PROVIDED MATERIAL Start Marker

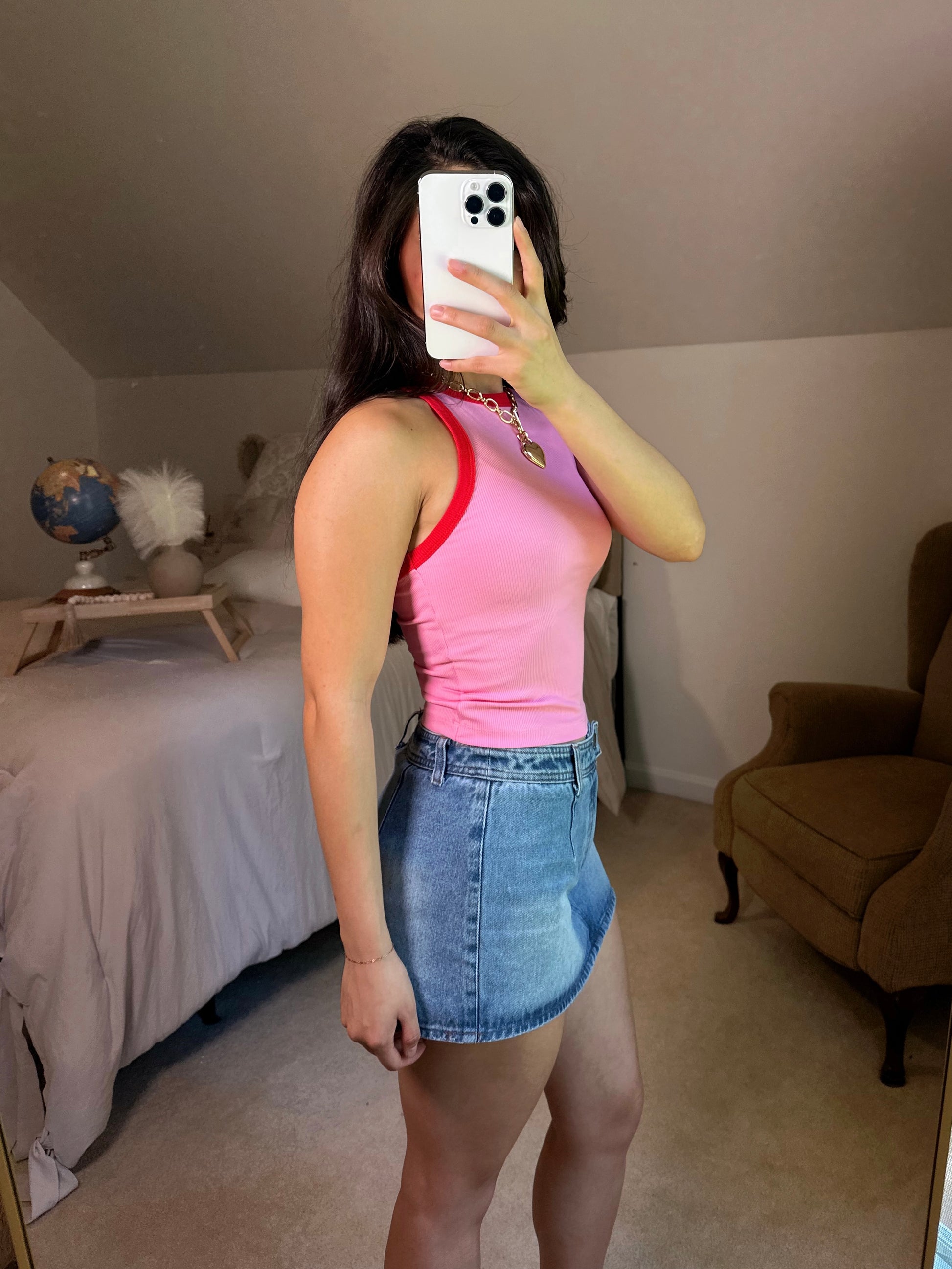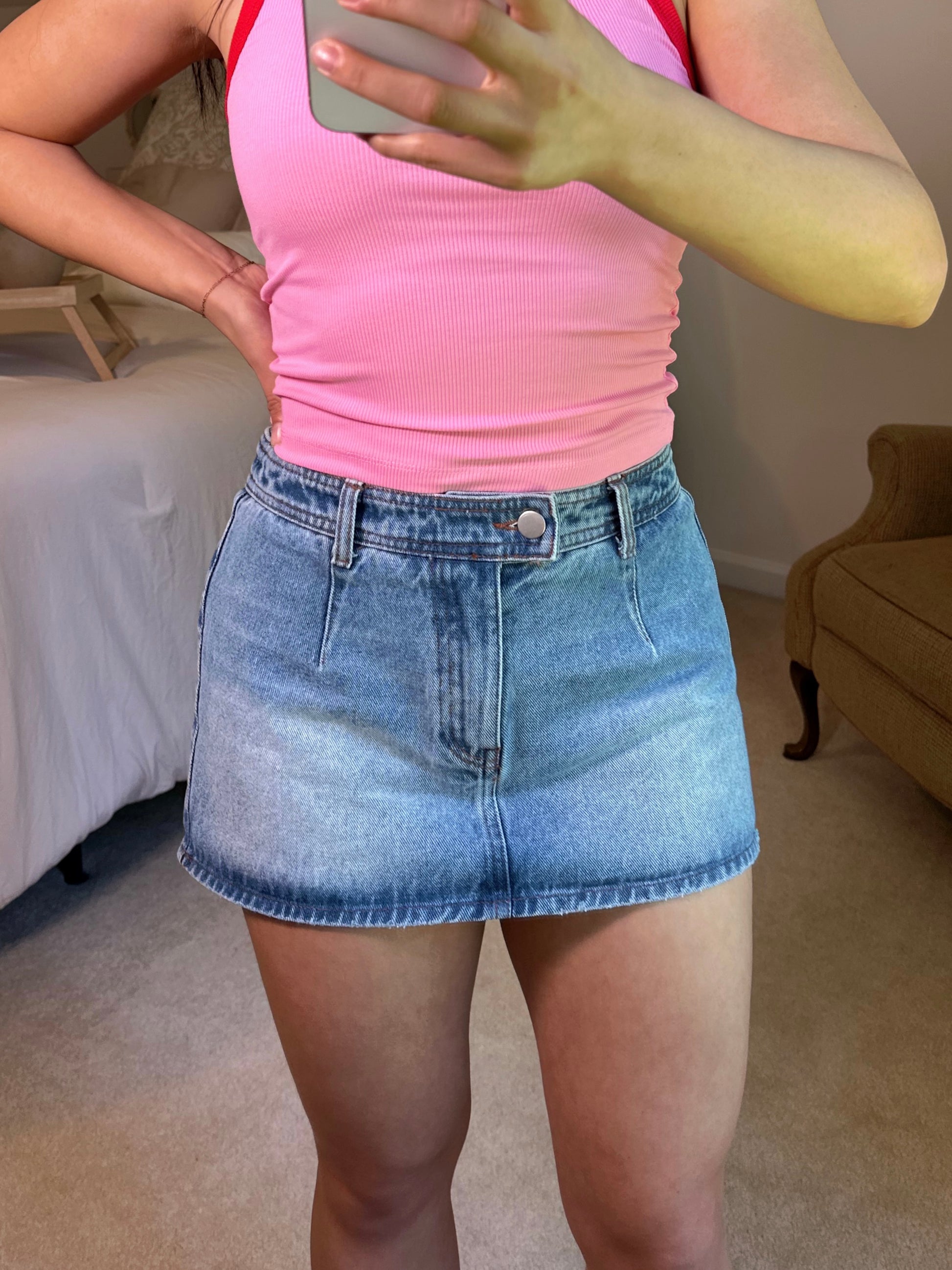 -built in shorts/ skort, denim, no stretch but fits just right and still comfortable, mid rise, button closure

PROVIDED MATERIAL End Marker
PROVIDED MATERIAL Start Marker

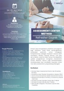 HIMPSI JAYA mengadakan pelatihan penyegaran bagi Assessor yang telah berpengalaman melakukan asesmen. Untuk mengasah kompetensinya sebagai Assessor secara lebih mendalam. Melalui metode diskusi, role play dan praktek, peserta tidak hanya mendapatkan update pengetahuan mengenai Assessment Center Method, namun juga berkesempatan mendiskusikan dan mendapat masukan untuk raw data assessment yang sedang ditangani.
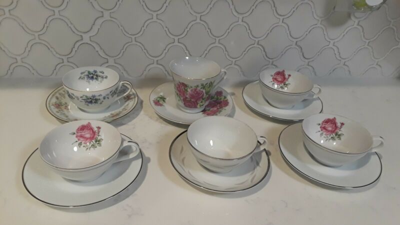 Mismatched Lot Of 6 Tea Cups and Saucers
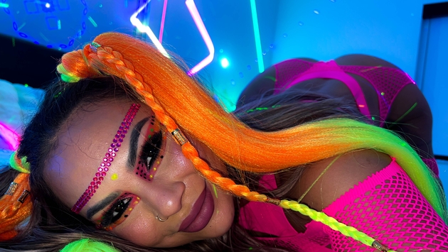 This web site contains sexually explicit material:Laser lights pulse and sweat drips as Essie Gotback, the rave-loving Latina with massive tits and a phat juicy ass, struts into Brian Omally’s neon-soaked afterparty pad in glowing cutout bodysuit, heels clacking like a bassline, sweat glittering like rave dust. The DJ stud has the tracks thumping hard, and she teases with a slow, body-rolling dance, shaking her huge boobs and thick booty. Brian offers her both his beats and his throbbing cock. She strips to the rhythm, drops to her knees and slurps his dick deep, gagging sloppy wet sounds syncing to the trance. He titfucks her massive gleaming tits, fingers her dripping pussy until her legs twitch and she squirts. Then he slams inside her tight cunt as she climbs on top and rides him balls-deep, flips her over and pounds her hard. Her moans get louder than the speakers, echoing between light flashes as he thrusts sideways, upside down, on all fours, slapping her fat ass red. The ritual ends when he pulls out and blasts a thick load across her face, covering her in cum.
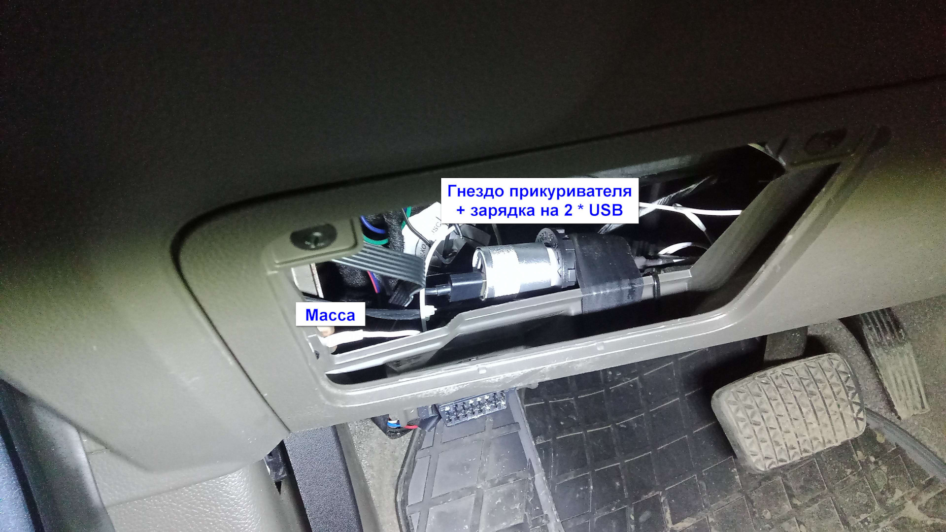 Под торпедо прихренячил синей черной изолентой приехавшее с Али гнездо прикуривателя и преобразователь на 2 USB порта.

PROVIDED MATERIAL End Marker

■ **PROBLEM DETAILS**
Range to copy from the listing above: the line with "HIMPSI JAYA mengadakan" through the line with "Mismatched Lot Of 6 Tea Cups and Saucers". Transcribe it exactly and skip the pictures.

■ **COMPLETED TASK**
 HIMPSI JAYA mengadakan pelatihan penyegaran bagi Assessor yang telah berpengalaman melakukan asesmen. Untuk mengasah kompetensinya sebagai Assessor secara lebih mendalam. Melalui metode diskusi, role play dan praktek, peserta tidak hanya mendapatkan update pengetahuan mengenai Assessment Center Method, namun juga berkesempatan mendiskusikan dan mendapat masukan untuk raw data assessment yang sedang ditangani.
 Mismatched Lot Of 6 Tea Cups and Saucers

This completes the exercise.